Market research firm Dealogic said Greek companies have sold $2 billion worth of bonds in 2013, a sign of recovery on a corporate level.
A year ago through the same period there were no Greek corporate bond sales, The Wall Street Journal reported Wednesday.
Although risks remain, investors appear to be returning to Greece, which has accepted billions of dollars in international assistance under terms that it drastically scale back spending, raise taxes and sell various assets to reduce government debt.
In 2012, holders of Greek government bonds took a $130 billion cut in their investments and it looked like Greece would be the first country to exit the eurozone.
This year, things look different in Athens. The European Commission on Monday said the government may need to adopt more austerity measures in 2014 but the stock market, 90 percent below 2007 levels, has rebounded in the past 12 months, climbing 80 percent.
York Capital Management, Dromeus Capital, LNG Capital and CQS LLP have made recent investments in Greek companies.

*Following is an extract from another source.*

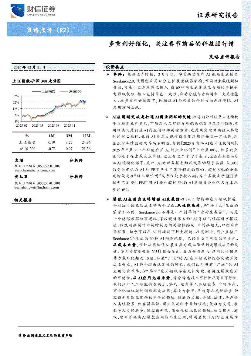 财信证券-策略点评报告:多重利好催化,关注春节前后的科技股行情-260211
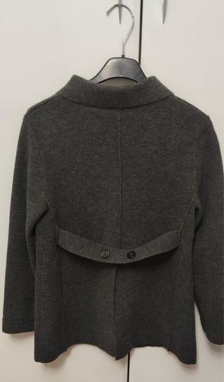 Chaqueta de punto de la marca Zara en color gris. Presenta un diseño de doble abotonadura y bolsillos frontales. - Cuello solapa. - Cierre con botones. - Dos bolsillos de parche. -De paño Usado dos veces, esta perfecta

Even Fitch Ratings gave Greece a nod of approval, upgraded the country's credit rating on Tuesday to B-minus. That is still a junk bond status, but Fitch said fears that Greece would leave the eurozone had "receded," the Journal said.
Not everyone is enthused.
"We're still avoiding Greece at the moment," said Nicola Marinelli, a portfolio manager at Glendevon King Asset Management.
"If there was some weakness in the market, Greek bonds would struggle to perform."